Eleventh-century Scots and . . . Anthony Powell?

I wouldn't be a good Anthony Powell obsessive if I didn't follow up Saturday's post on Dorothy Dunnett with a note highlighting the following unexpectedly Powellian passage that I noticed late in her King Hereafter:
The year changed, and then began to unroll, like a wheel in turbulent country; like an unreeling ribbon of Groa's weaving that once, long ago, he had spoiled with his blood.
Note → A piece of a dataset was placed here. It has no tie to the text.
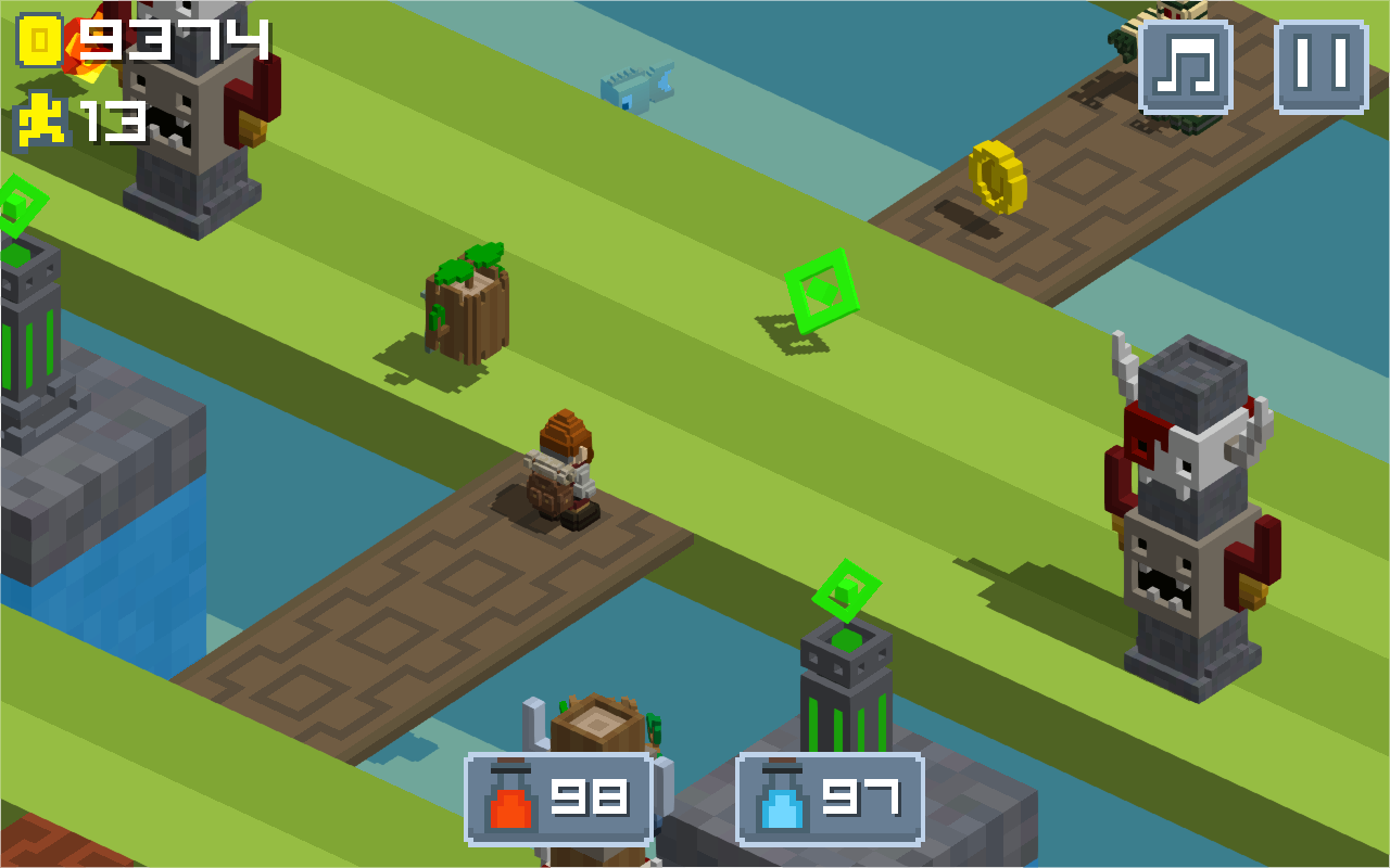 it will stop you to move forward when the monster and the fog appear in the Monster Valley,so if you use the red bottle, it will clear all the monsters in the screen, if you use the blue bottle it will clear the fog in the screen. It is pixel adventure style.

A spinning ribbon in which, peg by peg, the device switched without warning, producing a new assortment of patterns, a new set of boundaries, a new line of direction, a mischievous disorder of design that tested his strength to the limit through the most powerful tenet by which he lived: Adapt and survive.
The language isn't exactly Powellian, but the sentiment definitely is, reminding me of one of the most perceptive and memorable passages in A Buyer's Market, the second volume of A Dance to the Music of Time:
Certain stages of life might be compared with the game of Russian billiards, played (as I used to play with Jean, when the time came), on those small green table, within the secret recesses of which, at the termination of a given passage of time--a quarter of an hour, I think--the hidden gate goes down; after the descent of which, the coloured balls return no longer to the slot to be replayed; and all scoring is doubled. This is perhaps an image of how we live. For reasons not always at the time explicable, there are specific occasions when events begin suddenly to take on a significance previously unsuspected; so that, before we really know where we are, life seems to have begun in earnest at last, and we ourselves, scarcely aware that any change has taken place, are careering uncontrollably down the slippery avenues of eternity.
So true, so familiar. "Life has begun in earnest," and "scarcely aware that any change has taken place," we are off on what will turn out to be--if for no other reason than that by the time we realize what's going on we will have come such a long way on it--our true course. On that subject, and the way it ramifies throughout our lives, Powell has no equal.

1 comment:

  1. Thank you very much for sharing this - I can see that your knowledge of Powell is way above mine - but for what it is worth i have always felt that Powell deals well with the movement and pace of life in his work - so this is a very interesting quotation.